Trade Policy Determinants and Trade Reform in a Developing Country
Baybars Karacaovali
No 201115, Working Papers from University of Hawaii at Manoa, Department of Economics
Abstract:
In this paper, I start out with a standard political economy of trade policy model to guide the subsequent estimation of the determinants of trade policy in a developing country. I carefully test the model with Colombian data from 1983 to 1998 accounting for endogeneity and omitted variable bias concerns and then expand it empirically in several directions. I show that it is important to control for the impact of a drastic trade reform shock that affects all sectors and disentangle its effect from preferential trade agreements (PTAs). I find that protection is higher in sectors that are important exports for preferential partners which may be seen as a stumbling block effect of PTAs for Colombia. I also relax the assumption of fixed political weights that measure the extra importance of producers' welfare relative to consumers in the government objective.

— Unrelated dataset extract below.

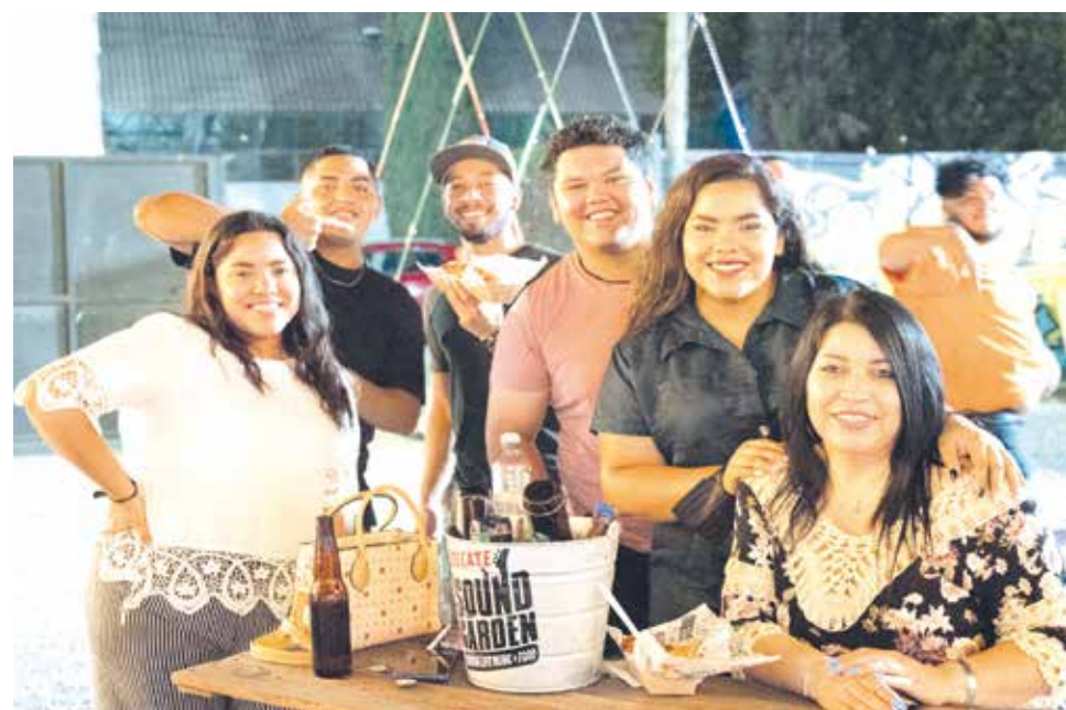
El público disfrutó de buena música y compañía.

I measure the impact of sectoral characteristics on tariffs indirectly through political weights as a novel alternative to nonstructurally estimating them as determinants of protection. Accordingly, I obtain more realistic estimates for the political weights further contributing to the literature.
Keywords: Political economy of trade policy; trade liberalization; preferential trade agreements; empirical trade (search for similar items in EconPapers)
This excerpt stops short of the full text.